Re: SetDelayed
- To: mathgroup at smc.vnet.net
- Subject: [mg92896] Re: [mg92875] SetDelayed
- From: Bob Hanlon <hanlonr at cox.net>
- Date: Fri, 17 Oct 2008 05:24:19 -0400 (EDT)
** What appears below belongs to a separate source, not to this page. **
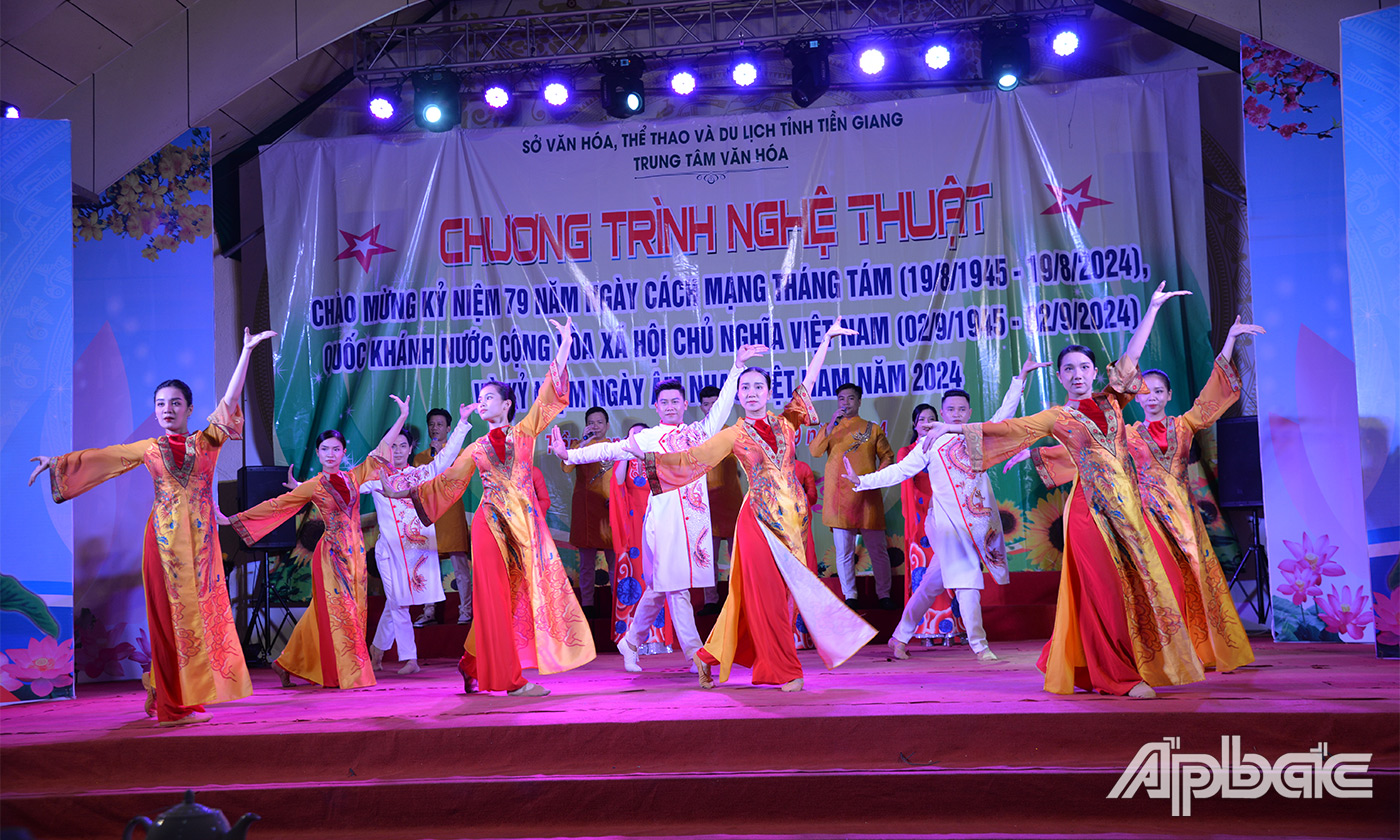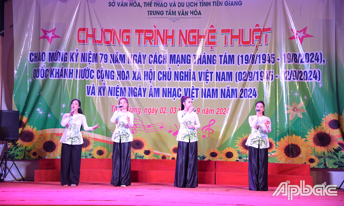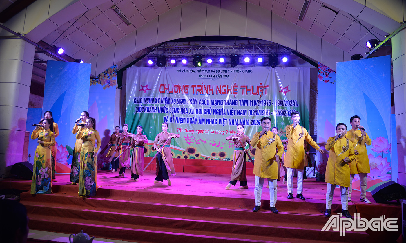 (ABO) Tối 2-9, Trung tâm Văn hóa tỉnh Tiền Giang tổ chức Chương trình nghệ thuật chào mừng kỷ niệm 79 năm Cách mạng Tháng Tám (19-8-1945 - 19-8-2024), Quốc khánh nước Cộng hoà xã hội chủ nghĩa Việt Nam (2-9-1945 - 2-9-2024) và kỷ niệm Ngày Âm nhạc Việt Nam năm 2024.

- Reply-to: hanlonr at cox.net
Restrict f to only numerical arguments
f[x_?NumericQ] := NIntegrate[(x - Cos[y])/
(1 + x^2 - 2*x*Cos[y])^1.5, {y, 0, Pi}];
Plot[f[x], {x, 0, 2}, Exclusions -> 1]
Or evaluate symbolically
f2[x_] = Assuming[{x > 0},
Integrate[(x - Cos[y])/
(1 + x^2 - 2*x*Cos[y])^(3/2), {y, 0, Pi},
GenerateConditions -> False]] // Simplify
((x + 1)*EllipticE[(4*x)/(x + 1)^2] +
(x - 1)*EllipticK[(4*x)/(x + 1)^2])/(x*(x^2 - 1))
Plot[f2[x], {x, 0, 2}, Exclusions -> 1]
Bob Hanlon
---- Itzhak <shechtma at netvision.net.il> wrote:
=============
Why does Mathematica reply with:
.."Integrand [(x-Cos[y])/(1+x^2-2*x*Cos[y])^1.5 is not numerical at {y}={1.5708}", to the following:
Clear[f]
f[x_]:=NIntegrate[(x-Cos[y])/(1+x^2-2*x*Cos[y])^1.5,{y,0,Pi}];
Plot[Evaluate[f[x],{x,0,2}]
How should it be written?
Thank you.
--
Bob Hanlon